--- Available data Enclosed Below ---
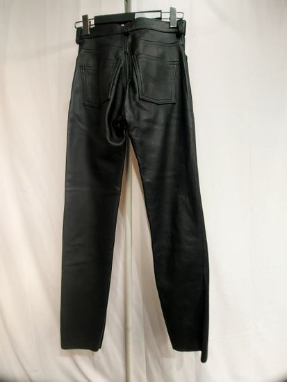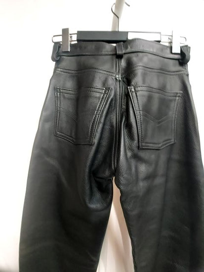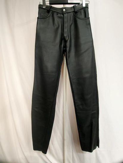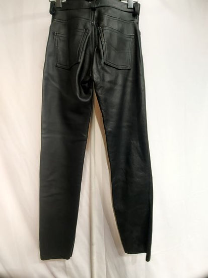 New. Locally handmade in Vancouver BC. Unlined. Beautiful medium thick soft supple leather. Single panel. 6 snap fly. 5-pocket style. Inseam 32". Beautifully made. Men's fit.
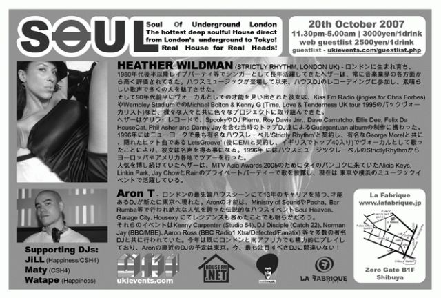 DJs:Aron-T(Soul Heaven,London UK/SOUL) / JiLL(CSH4/Happiness/SOUL)
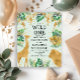 This "wild one" jungle safari themed baby shower invitation features gold faux foil animals (giraffe, lion and monkeys), gold and green jungle foliage, and a sprinkling of gold confetti on a pale green background. Add the name of the mum-to-be and shower details in black text. A coordinating jungle foliage pattern in green and gold decorates the back of the card.
--- End of Enclosed Available data ---
■ **Action item**
Only the lines from the one containing "DJs:Aron-T(Soul Heaven,London UK/SOUL)" through the final line of the listing should be reproduced, exactly and with no pictures.

■ **Answer section**
 DJs:Aron-T(Soul Heaven,London UK/SOUL) / JiLL(CSH4/Happiness/SOUL)
 This "wild one" jungle safari themed baby shower invitation features gold faux foil animals (giraffe, lion and monkeys), gold and green jungle foliage, and a sprinkling of gold confetti on a pale green background. Add the name of the mum-to-be and shower details in black text. A coordinating jungle foliage pattern in green and gold decorates the back of the card.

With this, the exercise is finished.